Implications for Educators

     It is the responsibility of education professionals to realize that we not only influence the lives of our students through what we teach, but that we have the opportunity to help them become better future parents. When parenting education even makes the curriculum in today's busy schools, much of what is currently taught to adolescents with regard to parenting and child care is based only on a developmental approach and is the product of cultural norms influenced by past baby experts teaching a detached style of parenting. Formula feeding is taught as being almost as good as breastfeeding when scientifically this is hardly the case. Parenting behaviors such as "ferberizing" or the "cry it out method" are still cultural norms which are not criticized and cosleeping is often ignored or strongly rejected. The need for safety is often taught, but the equally important need for human touch may not make the curriculum. It is time for change. All secondary level students should be taught developmentally appropriate responsive parenting skills. Meanwhile, programs for expectant and parenting teens should move beyond crisis management and realize that teaching the standard repertoire of parenting behaviors places these children at additional risk for attachment disorders. Additionally, all parenting education curricula need to be reassessed with an eye toward the advantages of teaching behaviors such breastfeeding on cue, babywearing, and cosleeping, which explicitly support secure parent-child attachment behaviors.

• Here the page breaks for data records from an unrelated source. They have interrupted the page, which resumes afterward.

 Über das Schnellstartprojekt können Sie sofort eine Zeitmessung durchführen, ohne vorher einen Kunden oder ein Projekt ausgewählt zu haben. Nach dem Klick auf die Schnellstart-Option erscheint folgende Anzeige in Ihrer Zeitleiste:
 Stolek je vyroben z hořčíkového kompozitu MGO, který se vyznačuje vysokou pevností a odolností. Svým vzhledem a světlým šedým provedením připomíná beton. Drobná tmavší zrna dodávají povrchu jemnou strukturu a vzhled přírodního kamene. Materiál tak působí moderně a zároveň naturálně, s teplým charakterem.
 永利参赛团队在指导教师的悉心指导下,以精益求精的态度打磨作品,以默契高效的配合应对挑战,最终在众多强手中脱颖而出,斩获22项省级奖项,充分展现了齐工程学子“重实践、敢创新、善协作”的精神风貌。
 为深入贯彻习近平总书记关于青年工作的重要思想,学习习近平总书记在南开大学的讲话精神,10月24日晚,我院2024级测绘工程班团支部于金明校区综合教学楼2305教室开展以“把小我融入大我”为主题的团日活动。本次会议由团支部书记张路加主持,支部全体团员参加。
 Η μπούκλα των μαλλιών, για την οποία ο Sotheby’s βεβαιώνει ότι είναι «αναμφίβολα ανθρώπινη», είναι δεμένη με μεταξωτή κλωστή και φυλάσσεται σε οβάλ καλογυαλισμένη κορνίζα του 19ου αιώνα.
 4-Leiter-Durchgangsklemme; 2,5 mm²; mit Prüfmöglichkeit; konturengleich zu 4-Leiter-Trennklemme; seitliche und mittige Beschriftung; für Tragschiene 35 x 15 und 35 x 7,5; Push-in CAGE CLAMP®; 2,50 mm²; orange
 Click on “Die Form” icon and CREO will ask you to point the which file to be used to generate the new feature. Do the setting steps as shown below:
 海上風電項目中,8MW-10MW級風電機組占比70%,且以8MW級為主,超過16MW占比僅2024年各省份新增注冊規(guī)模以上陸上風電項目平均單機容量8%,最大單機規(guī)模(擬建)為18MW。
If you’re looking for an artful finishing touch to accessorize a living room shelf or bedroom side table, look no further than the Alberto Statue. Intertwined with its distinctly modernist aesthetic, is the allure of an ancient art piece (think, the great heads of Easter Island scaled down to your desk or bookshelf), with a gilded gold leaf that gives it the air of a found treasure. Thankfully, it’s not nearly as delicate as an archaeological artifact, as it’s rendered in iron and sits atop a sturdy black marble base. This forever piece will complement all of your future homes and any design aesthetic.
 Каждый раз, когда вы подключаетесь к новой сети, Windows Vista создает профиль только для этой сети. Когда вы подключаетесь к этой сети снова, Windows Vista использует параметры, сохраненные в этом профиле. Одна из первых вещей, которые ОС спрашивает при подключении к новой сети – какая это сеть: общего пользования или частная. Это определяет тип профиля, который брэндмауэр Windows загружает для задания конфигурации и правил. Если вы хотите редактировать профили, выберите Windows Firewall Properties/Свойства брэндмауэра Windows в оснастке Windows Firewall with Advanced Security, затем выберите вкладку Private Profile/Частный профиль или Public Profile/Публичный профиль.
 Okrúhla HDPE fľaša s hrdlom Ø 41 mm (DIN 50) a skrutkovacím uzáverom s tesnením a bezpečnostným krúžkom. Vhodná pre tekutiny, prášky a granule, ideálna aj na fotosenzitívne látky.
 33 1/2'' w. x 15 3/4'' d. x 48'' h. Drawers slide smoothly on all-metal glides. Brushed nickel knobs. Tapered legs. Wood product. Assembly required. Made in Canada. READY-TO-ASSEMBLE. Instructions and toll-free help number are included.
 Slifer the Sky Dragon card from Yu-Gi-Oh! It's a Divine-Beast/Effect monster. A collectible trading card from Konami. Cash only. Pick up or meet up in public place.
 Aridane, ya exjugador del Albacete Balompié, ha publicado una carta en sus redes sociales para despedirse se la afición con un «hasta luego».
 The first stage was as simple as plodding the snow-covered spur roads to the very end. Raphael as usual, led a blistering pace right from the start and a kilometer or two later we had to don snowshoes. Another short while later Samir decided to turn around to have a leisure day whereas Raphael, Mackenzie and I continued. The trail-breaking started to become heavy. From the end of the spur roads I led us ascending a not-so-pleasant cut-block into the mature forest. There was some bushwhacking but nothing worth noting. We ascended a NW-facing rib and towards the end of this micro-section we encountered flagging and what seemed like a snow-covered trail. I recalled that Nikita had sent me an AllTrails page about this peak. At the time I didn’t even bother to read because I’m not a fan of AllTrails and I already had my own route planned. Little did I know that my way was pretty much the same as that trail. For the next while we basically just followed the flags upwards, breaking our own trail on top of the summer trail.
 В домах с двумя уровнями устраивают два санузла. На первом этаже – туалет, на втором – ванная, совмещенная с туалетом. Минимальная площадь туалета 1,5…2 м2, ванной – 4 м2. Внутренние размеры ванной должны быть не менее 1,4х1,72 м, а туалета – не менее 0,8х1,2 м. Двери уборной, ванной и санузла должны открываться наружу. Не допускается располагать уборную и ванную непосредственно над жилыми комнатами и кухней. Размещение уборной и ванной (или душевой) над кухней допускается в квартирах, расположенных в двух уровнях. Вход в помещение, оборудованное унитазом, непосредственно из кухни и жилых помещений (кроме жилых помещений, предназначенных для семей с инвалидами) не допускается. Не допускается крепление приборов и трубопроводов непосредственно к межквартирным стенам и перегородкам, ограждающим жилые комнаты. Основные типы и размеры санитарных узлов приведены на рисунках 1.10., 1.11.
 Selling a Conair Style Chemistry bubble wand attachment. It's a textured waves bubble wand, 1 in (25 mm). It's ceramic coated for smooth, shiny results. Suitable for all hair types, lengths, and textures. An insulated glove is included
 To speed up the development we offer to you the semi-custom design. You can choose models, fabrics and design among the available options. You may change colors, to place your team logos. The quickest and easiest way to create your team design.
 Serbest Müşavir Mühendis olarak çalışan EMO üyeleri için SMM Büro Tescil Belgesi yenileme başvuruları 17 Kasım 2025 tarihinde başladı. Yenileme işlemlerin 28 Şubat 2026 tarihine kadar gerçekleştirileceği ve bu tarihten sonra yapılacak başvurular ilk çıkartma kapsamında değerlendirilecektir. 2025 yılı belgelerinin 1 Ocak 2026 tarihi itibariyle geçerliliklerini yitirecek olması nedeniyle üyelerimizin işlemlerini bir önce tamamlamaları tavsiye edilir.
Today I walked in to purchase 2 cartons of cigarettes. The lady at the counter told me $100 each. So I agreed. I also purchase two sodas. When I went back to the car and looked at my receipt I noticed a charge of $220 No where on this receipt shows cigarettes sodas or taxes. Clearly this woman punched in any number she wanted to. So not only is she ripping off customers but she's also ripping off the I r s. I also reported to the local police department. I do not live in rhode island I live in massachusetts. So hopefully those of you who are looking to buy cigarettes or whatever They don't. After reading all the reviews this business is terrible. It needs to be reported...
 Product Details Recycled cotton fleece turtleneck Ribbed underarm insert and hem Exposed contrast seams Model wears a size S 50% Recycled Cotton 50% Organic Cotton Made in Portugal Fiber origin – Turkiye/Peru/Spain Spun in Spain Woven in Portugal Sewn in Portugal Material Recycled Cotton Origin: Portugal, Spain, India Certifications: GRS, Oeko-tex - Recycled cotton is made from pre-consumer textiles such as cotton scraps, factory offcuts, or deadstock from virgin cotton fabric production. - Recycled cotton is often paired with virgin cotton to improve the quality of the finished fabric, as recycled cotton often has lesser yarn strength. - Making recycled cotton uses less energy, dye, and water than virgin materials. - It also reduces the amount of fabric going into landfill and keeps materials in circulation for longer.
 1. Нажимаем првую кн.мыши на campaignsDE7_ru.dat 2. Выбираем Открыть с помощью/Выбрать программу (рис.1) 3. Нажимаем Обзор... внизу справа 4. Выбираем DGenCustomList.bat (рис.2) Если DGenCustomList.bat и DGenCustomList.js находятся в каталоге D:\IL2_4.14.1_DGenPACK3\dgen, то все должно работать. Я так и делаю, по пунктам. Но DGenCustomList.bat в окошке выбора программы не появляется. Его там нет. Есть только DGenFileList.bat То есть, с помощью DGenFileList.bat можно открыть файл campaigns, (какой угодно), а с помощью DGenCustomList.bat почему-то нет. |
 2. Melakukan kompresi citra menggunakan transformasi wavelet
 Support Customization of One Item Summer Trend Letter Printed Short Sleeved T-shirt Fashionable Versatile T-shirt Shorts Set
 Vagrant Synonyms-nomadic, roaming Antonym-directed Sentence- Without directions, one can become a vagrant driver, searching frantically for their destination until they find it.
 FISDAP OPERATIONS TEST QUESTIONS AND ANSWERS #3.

Recommendations for Further Research

     Although research supports claims that breastfeeding, cosleeping, and babywearing all promote parent-child attachment, there has to date been no published research on the attachment parenting style as a whole. Future research on various parenting styles is needed. Specific research comparing attachment status within families that practice attachment parenting, to those that follow the non-responsive, highly scheduled style of parenting, known as the "Ezzo" method (Auerbach, 1998), and a control group, which uses neither style, would be ideal. Further research on the physical and emotional benefits of nonreactive cosleeping and Western babywearing would also be welcome additions to this field of knowledge. Additionally, studies to validate the effectiveness of educational primary prevention programs with regards to increasing future parental responsiveness and decreasing subsequent rates of attachment disorders would be beneficial.

Conclusion

     The attachment parenting style holds a great deal of promise for producing emotionally secure children. In a time when our culture seems to be facing a crisis of violence among our youth it seems imperative that we do more than simply wonder as to the cause of this problem. Instead we need to be willing to question our cultural parenting norms and the values which underlie this crisis. We need to be willing to look beyond the techniques and the child care methods which have been used for the past few generations and instead embrace a more time-honored and natural style of parenting, one where dependence of a baby on its parents is accepted because the parents trust  that their children will grow up to become securely independent in their own time. This style of parenting, dubbed "attachment parenting" as it has become popular in the United States in the the last two decades, is actually the normative pattern of human parenting. Whether one is a humanist or a religious person, it is absurd to argue that the manner of child care a baby receives is irrelevant or that responsive care is not important. Human babies are explicitly designed to be cared for by their parents in a consistent and sensitive manner. Unfortunately, parenting behavior is not inborn, it must be taught. When a culture collectively abandons the mode of care that serves its babies best, that culture will continue to pay a price until it acknowledges its dire mistake and corrects its ways. The instruction of tomorrow's parents about the importance of parent-child attachment and about specific parenting behaviors that promote secure attachments has the potential of being a vital part of the beginning of this acknowledgement process.